Salem’s Steamboats

1910 c., Stern Wheel Riverboat proceeding down stream. Passing ferry at bank of river. Ferry crew watching riverboat., WHC Collections 0083.006.0017.025

For the first fifty years of Salem’s life, as it grew from frontier village to city, the Willamette River was its highway and steamboats carried the traffic. The obvious use of the steamboat was to bring in people and cargo, but as on any highway, there was not only commerce, but drama.

In 1861, when Salem was just beginning to be marked on maps, it was nearly washed away by flooded Willamette. The steamer Onward rescued forty persons at the mouth of Pringle Creek. Only four years later, commerce had gained an important foothold on the river as steamboats transported flour from the Willamette Flouring Mill at Front Street. The boat dock just north was always busy as inland farm crops were loaded for export. By 1890 the steamboats at the foot of Trade Street were graced by affectionate names such as Ramona, Gypsy, and Ruth.

In the last quarter of the nineteenth century, steamboats were enjoying the attention of Salem citizens as they took excursions to Albany and Corvallis. In 1885, a gingerbread-decorated City of Salem entertained riders with music from the local Masonic Band.

By the turn of the century, Salem was moving east, away from the river as the railroad supplied the transportation need of the farm co-ops and fruit processors. Sturdy, shallow draft sternwheelers, such as the Julius, served the Spaulding Logging Company as late as 1908. But by the time The Great War was won ten years later, the railway carried the commerce and the automobile was becoming the accepted way for families to travel for business and pleasure in the Capitol City.

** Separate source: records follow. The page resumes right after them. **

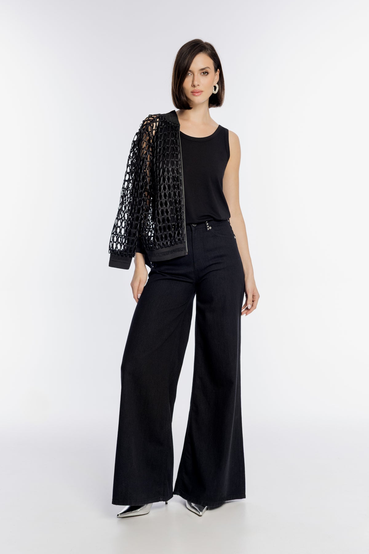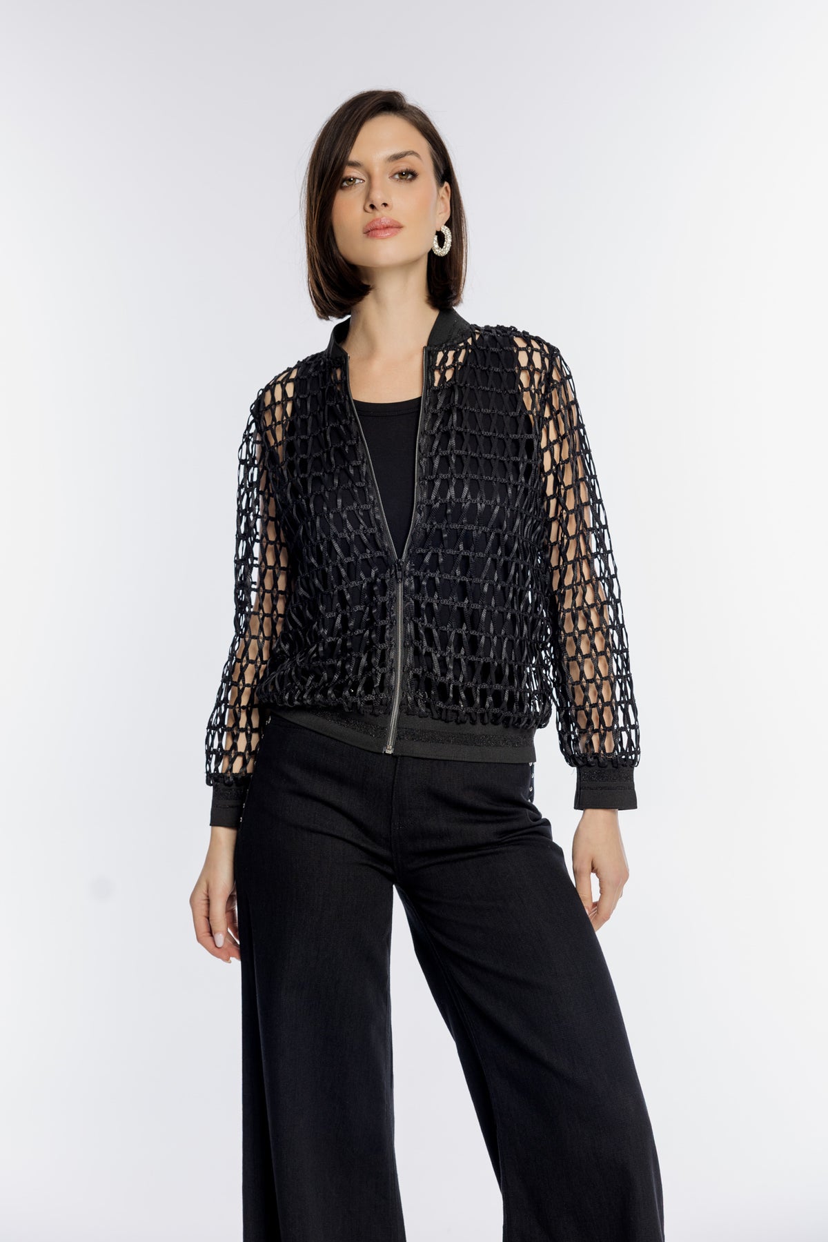 Czarna rozpinana bluza o strukturze ażurowej siatki
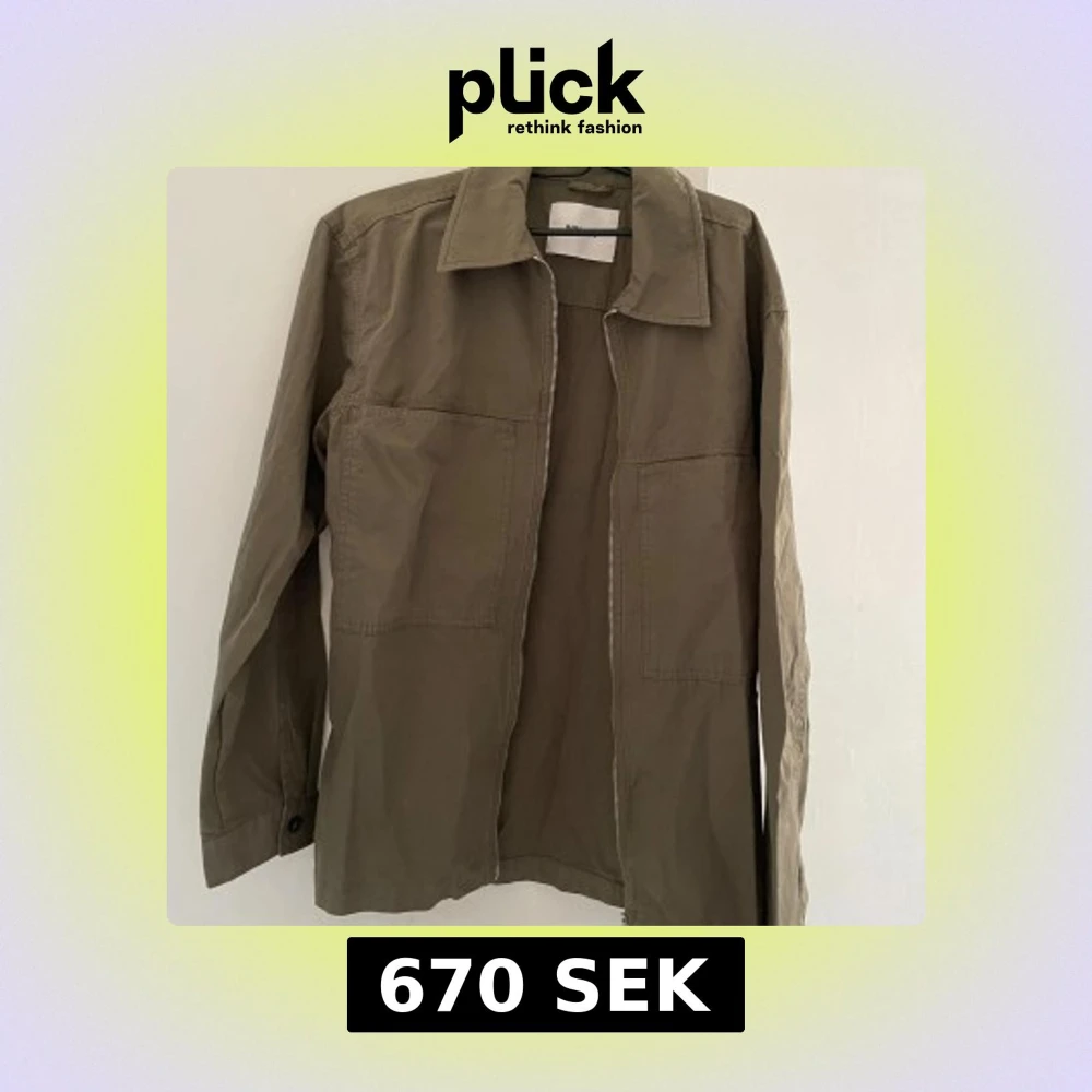 Säljer en stilren olivgrön overshirt från NN.07 i ekologisk bomull. Jackan har raka linjer, två stora bröstfickor, klassisk krage och dragkedja framtill. Perfekt att slänga på över en t-shirt för en clean look.
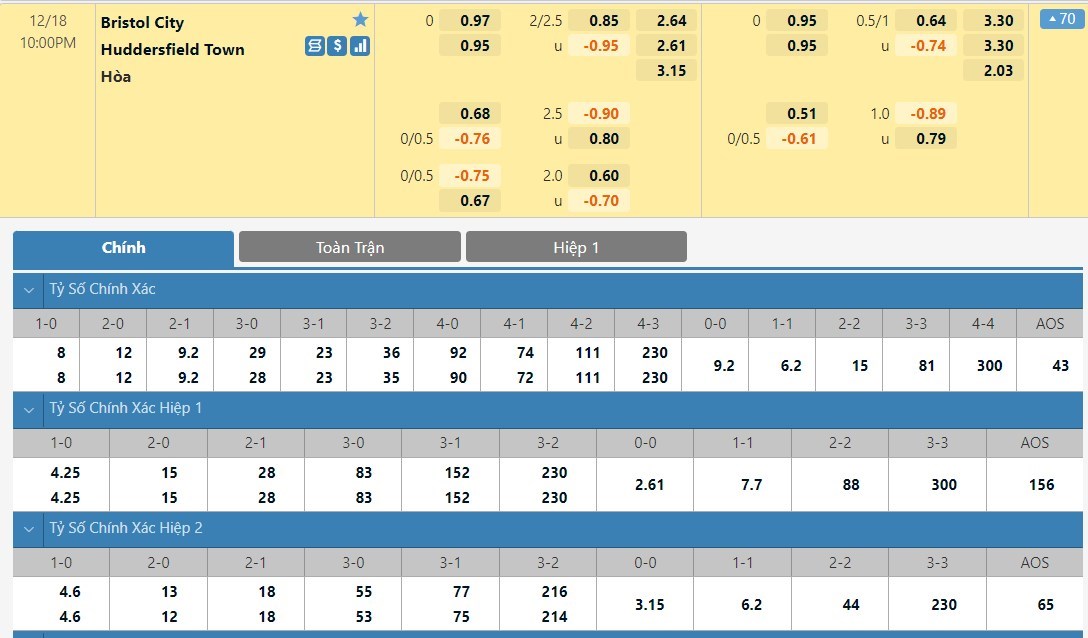 Tỷ lệ kèo cá cược bóng đá trận Bristol City vs Huddersfield
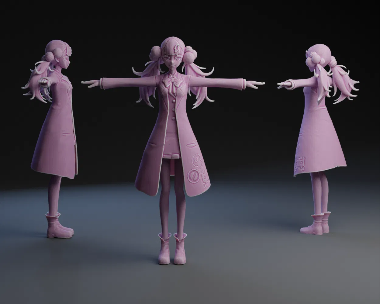 Mô hình Yuria Togoku trong tư thế T. Đây là bản nháp để lưu lại, bạn có thể tải về tự do chỉnh sửa tư thế bằng Mixamo. File được lưu dưới dạng FBX và cần chuyển đổi sang OBJ bằng Blender hoặc các phần mềm tương tự.
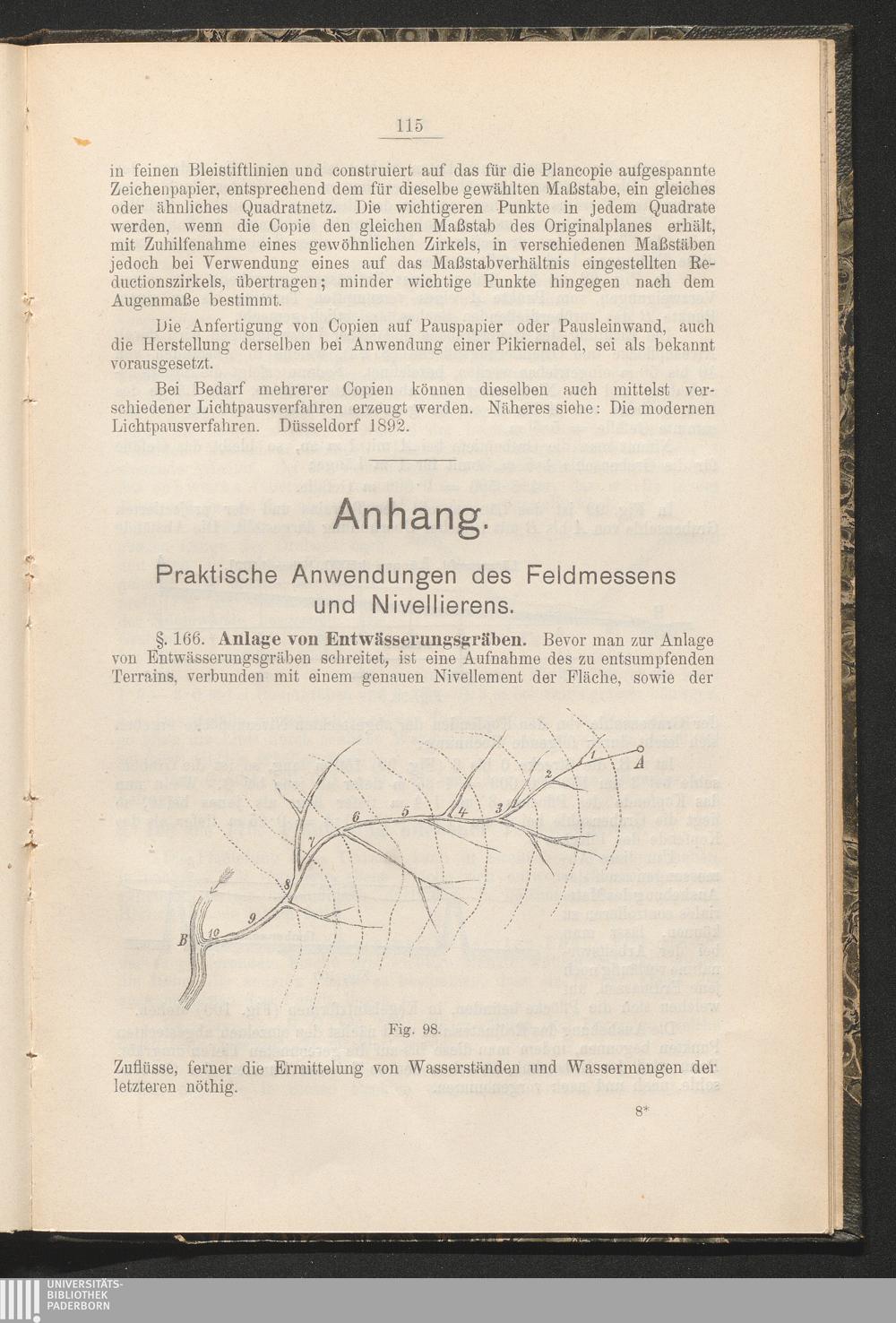 Anhang. Praktische Anwendungen des Feldmessens und Nivellierens.
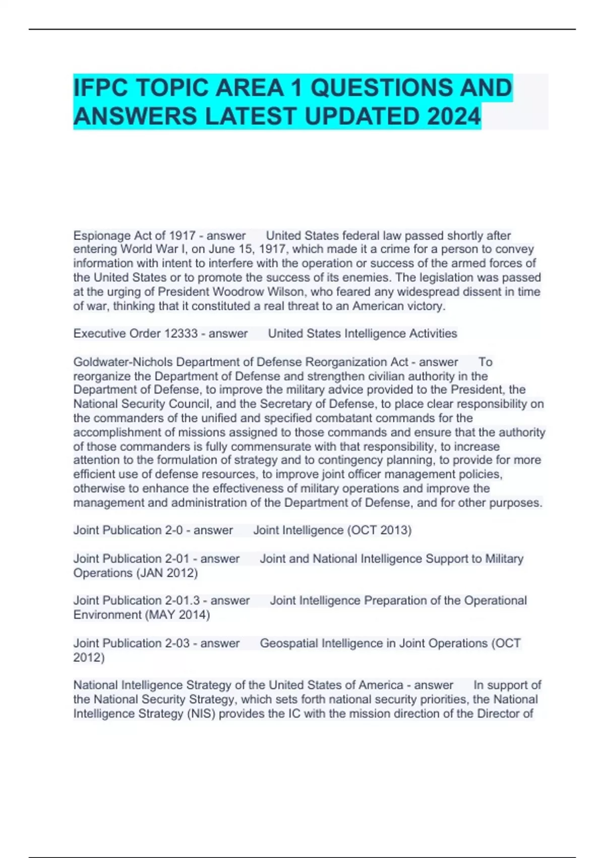 IFPC TOPIC AREA 1 QUESTIONS AND ANSWERS LATEST UPDATED 2024 Espionage Act of 1917 United States federal law passed shortly after entering World War I, on June 15, 1917, which made it a crime for a person to convey information with intent to interfere with the operation or success of the armed forces of the United States or to promote the success of its enemies. The legislation was passed at the urging of President Woodrow Wilson, who feared any widespread dissent in time of war, thinking that it constituted a real threat to an American victory. Executive Order 12333 United States Intelligence Activities Brainpower Read More Previous Play Next Rewind 10 seconds Move forward 10 seconds Unmute 0:02 / 0:15 Full screen Goldwater-Nichols Department of Defense Reorganization Act To reorganize the Department of Defense and strengthen civilian authority in the Department of Defense, to improve the military advice provided to the President, the National Security Council, and the Secretary of Defense, to place clear responsibility on the commanders of the unified and specified combatant commands for the accomplishment of missions assigned to those commands and ensure that the authority of those commanders is fully commensurate with that responsibility, to increase attention to the formulation of strategy and to contingency planning, to provide for more efficient use of defense resources, to improve joint officer management policies, otherwise to enhance the effectiveness of military operations and improve the management and administration of the Department of Defense, and for other purposes. Joint Publication 2-0 Joint Intelligence (OCT 2013) Joint Publication 2-01 Joint and National Intelligence Support to Military Operations (JAN 2012) Joint Publication 2-01.3 Joint Intelligence Preparation of the Operational Environment (MAY 2014) Joint Publication 2-03 Geospatial Intelligence in Joint Operations (OCT 2012) National Intelligence Strategy of the United States of America In support of the National Security Strategy, which sets forth national security priorities, the National Intelligence Strategy (NIS) provides the IC with the mission direction of the Director of National Intelligence (DNI) for the next four to five years. IC activities must be consistent with, and responsive to, national security priorities and must comply with the Constitution, applicable statutes, and Congressional oversight requirements. The NIS should be read along with the National Intelligence Priorities Framework and Unifying Intelligence Strategies to inform and guide mission, as well as planning, programming, and budgeting activities.
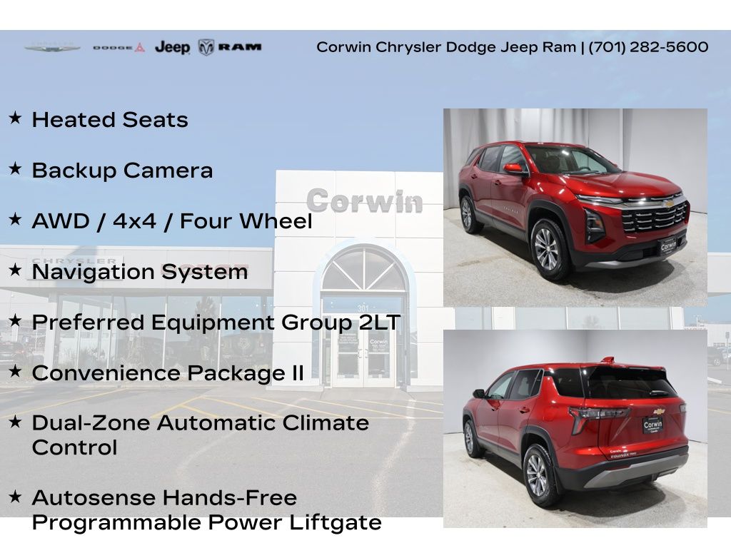 EMBRACE THE SHORTEST MONTH OF THE YEAR WITH CORWIN CHRYSLER DODGE JEEP RAM OF FARGO! WE HAVE SAVINGS ON ALL OF OUR PRE-OWNED VEHICLES AVAILABLE!! WE HAVE ONE OF THE LARGEST SELECTIONS OF INVENTORIES IN OUR AREA AT ONE SINGLE LOCATION!! Recent Arrival! Priced below KBB Fair Purchase Price! Radiant Red Tintcoat 2026 Chevrolet Equinox LT 4D Sport Utility AWD 1.5L DOHC CARFAX One-Owner. Clean CARFAX.

In 1924, drifting ice caught and damaged the Relief from Portland at the foot of Court Street. It was a sign of the perilous times for commerce by water: the local Salem Navigation Company turned to trucks in mid-1930s. The higher costs of stevedores and heavy truck traffic in the valley during the Depression almost stopped river traffic.

Harvey Fox, a retired local businessman, remembers when, as a youngster selling newspapers from his corner at Court and Commercial, he would listen for the steamboat signal at three o’clock in the afternoon twice a week. It announced the Wednesday or Friday arrival of cargo from Portland. Harvey would rush down to the dock to sell his papers at 5 cents each. He also fondly recalls the delicious cinnamon bun he would purchase from the ship’s bakery.

Today an excursion stern-wheeler is the last vestige of what was once a vital link in Salem’s commercial life: steamboat traffic on the Willamette.